You're kidding, right? If you do exactly what you said, the Nvidia script will try to bail out since the default version of gcc in Lenny (now 4.3.1) doesn't match the version of gcc that built Lenny's default kernel (4.2.4, I think). I'm hoping that the kernel actually released with Lenny (2.6.26 is the target, I think) will fix this problem, but so far as I know it hasn't been fixed yet. The script won't run cleanly on an untweaked Lenny system.AdrianTM wrote:That's pretty much it.
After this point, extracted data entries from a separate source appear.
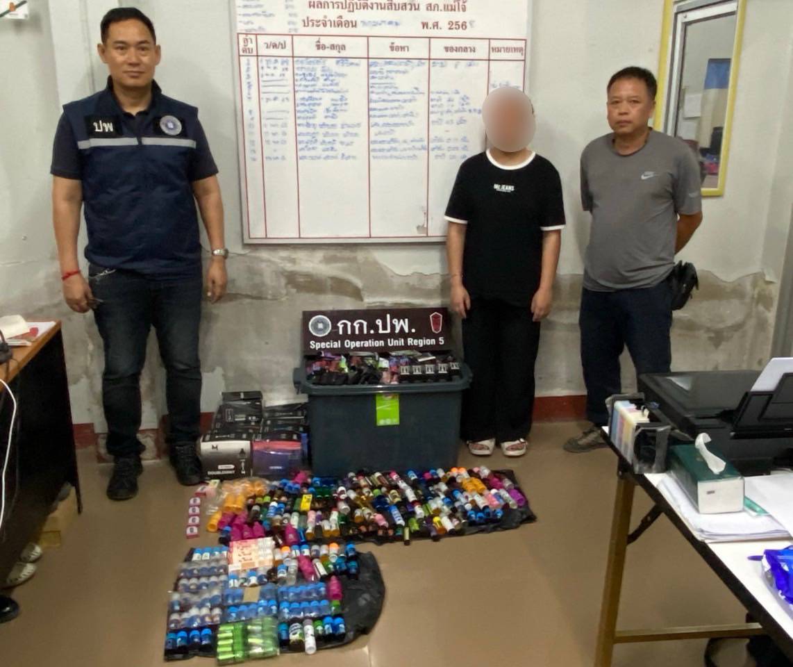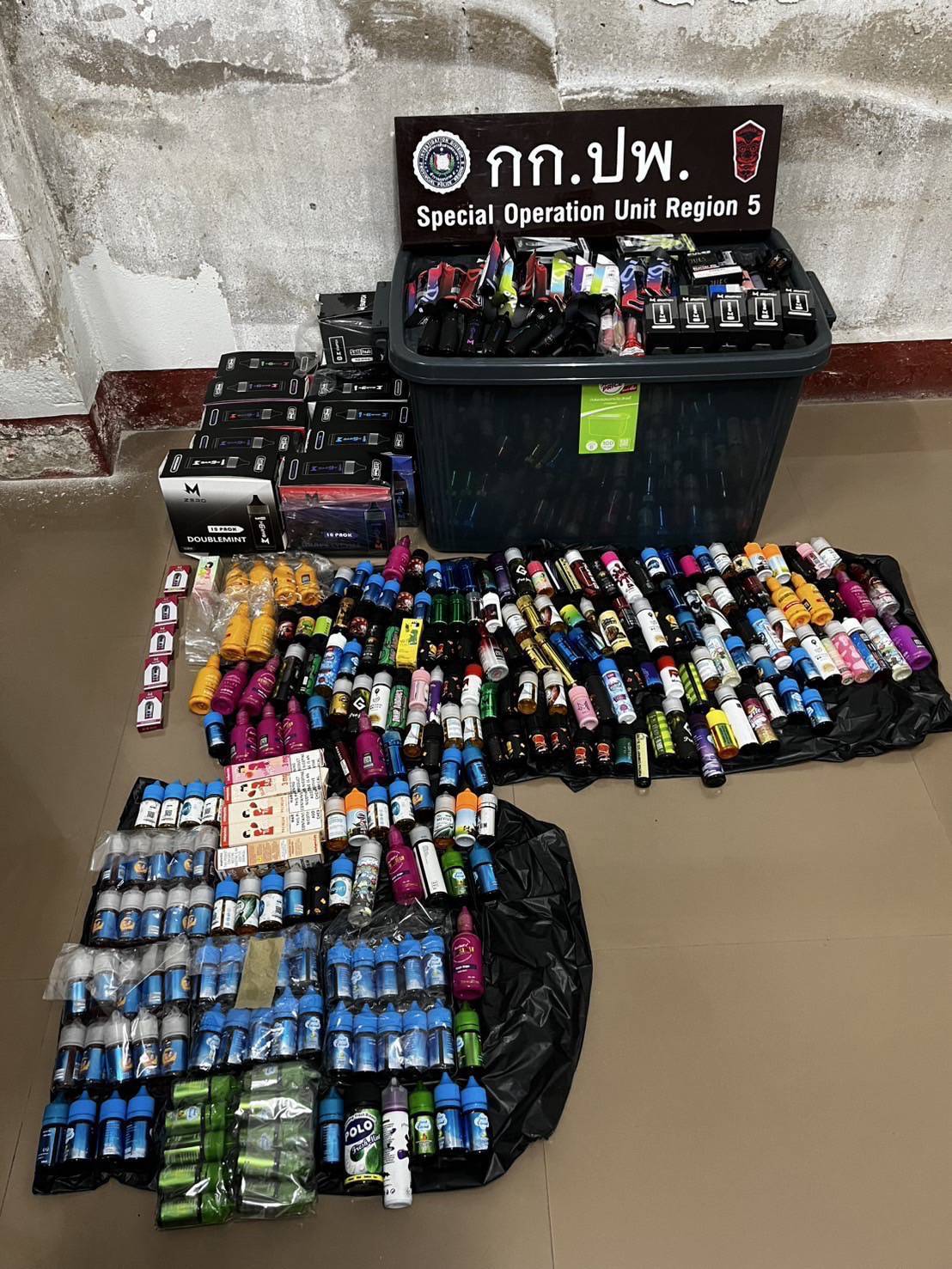 การจับกุมครั้งนี้ เจ้าหน้าที่ได้รับแจ้งมีการลักลอบจำหน่ายบุหรี่ไฟฟ้ามอมเมาเยาวชน โดยขายทางเพจเฟซบุ๊ก จึงส่งสายไปติดต่อล่อชื้อโดยนัดส่งของกันที่บริเวณลานจอดรถของหอพักแห่งหนี่งใน ต.หนองหาร อ.สันทราย จ.เชียงใหม่ จนพบเจอผู้ต้องหาเอาบุหรี่ไฟฟ้ามาส่งหนึ่งอัน จึงจับกุมตัวไว้และขึ้นไปค้นในห้องพักของหอพักดังกล่าว พบของกลางจำนวนมากจึงจับกุมดำเนินคดีตามกฏหมาย
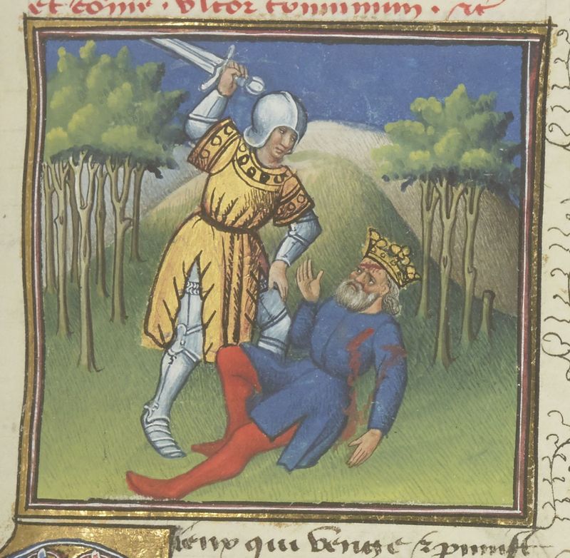 Parigi, Bibliothèque Nationale de France, Fr. 229, f. 204r. Il copista del manoscritto è Boniface de Remenant. Prusia II di Bitinia viene assassinato da suo figlio.
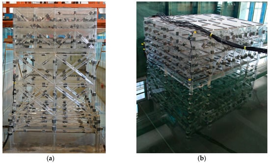 The electrical platform model in the wave flume. (a) In air; (b) In water.
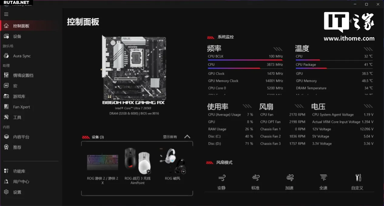 Даже если требуется точная регулировка вентиляторов, сделать это в Armoury Crate с помощью мыши гораздо удобнее и быстрее, чем в BIOS. Все подключённые устройства — материнская плата и периферия — отображаются в виде интерактивных изображений: клик по картинке сразу открывает меню настроек соответствующего устройства.
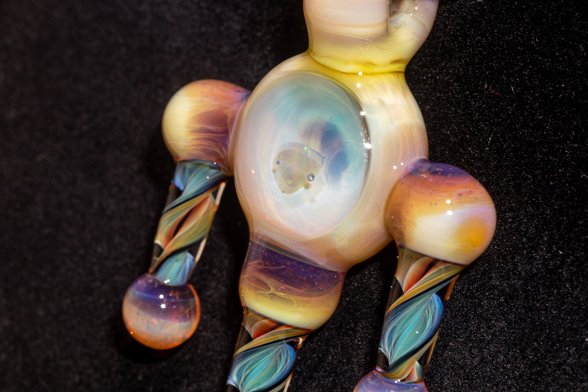 An opal is first encased in a clear glass tube. Then a colored ball of glass is formed for the opal to be attached to. I striped and encased lines of colored glass between layers of clear glass and twisted them into spirals. The ends of the spirals are coated with more colored glass and added to the encased opal. A matching bail is finally added to bring together this beautiful glass talisman.
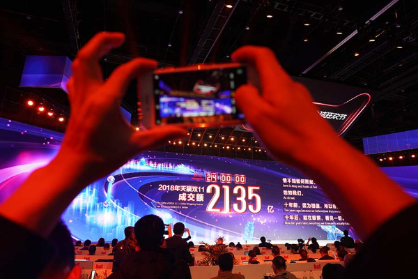 A screen in Shanghai shows sales on Alibaba's online marketplace Tmall reaching 213.5 billion yuan during this year's Singles Day shopping spree. [Photo by Gao Erqiang/China Daily]
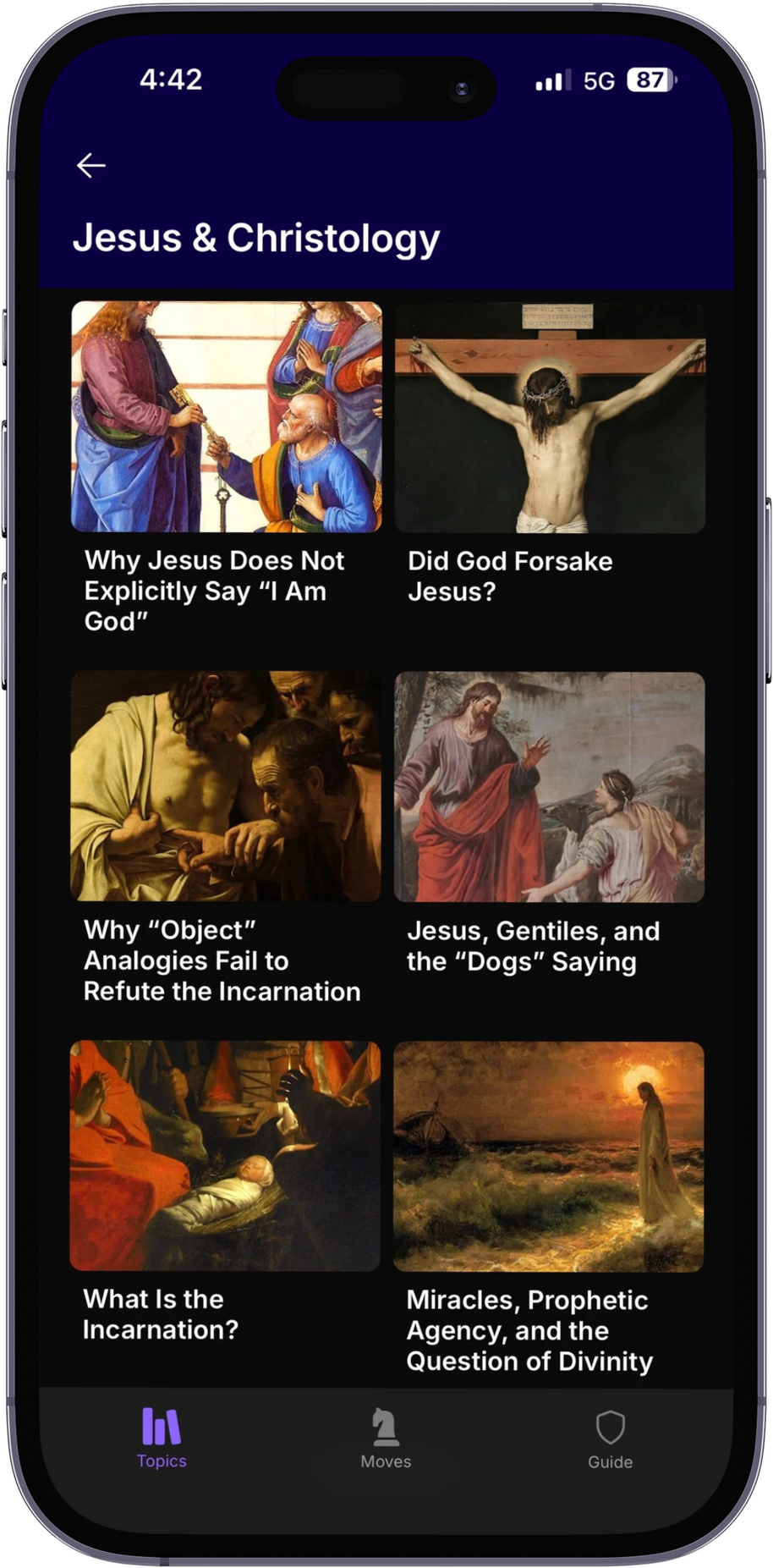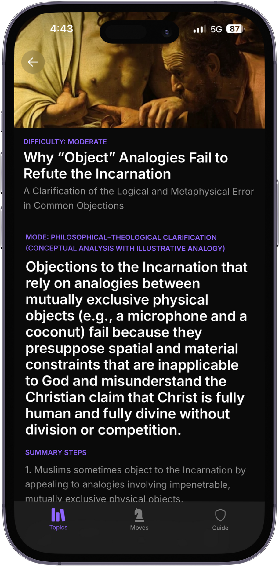 The app also addresses how real conversations actually unfold.In addition to content, it includes guidance on recognizing common rhetorical moves, responding without defensiveness, and maintaining clarity and patience under pressure.

So, at the start, you would need to install gcc-4.2 and run "export CC=/usr/bin/gcc-4.2" or ignore the warning in the Nvidia script. Even if you did one of those things, the module build won't work on many systems because of various problems with the kernel. In last few months, it seems to me that questions and problems about this issue have tripled here. Some of those people may have made mistakes, but I doubt all of them did.
Right now Lenny users have to pick from three bad options:
(1) Use the nv or vesa driver. This is fine for 2D on some systems. On other systems, it leaves video unworkable, even for 2D. (On my desktop, for example, only vesa works at all, and it draws the screen too far to the left. The main part of a default Gnome menu (top panel, far left) and the "Show Desktop" icon (bottom panel, far left) were invisible the first time I installed both Ubuntu and (later) Debian. An interesting challenge for a newbie.)
(2) Mix Sid and Lenny in your sources and try the Debian way. If you don't have a legacy card this seems to work pretty well as far as I can tell, but many people don't want to mix in unstable.
(3) Use a "pure" Lenny system and use the Nvidia binary script. A lot of us don't like this on ideological grounds. Some people won't do it no matter what, some of us only with reluctance. Either way, as I said above, it only begins to solve your problem since there are a number of "gotchas" involved in using their script.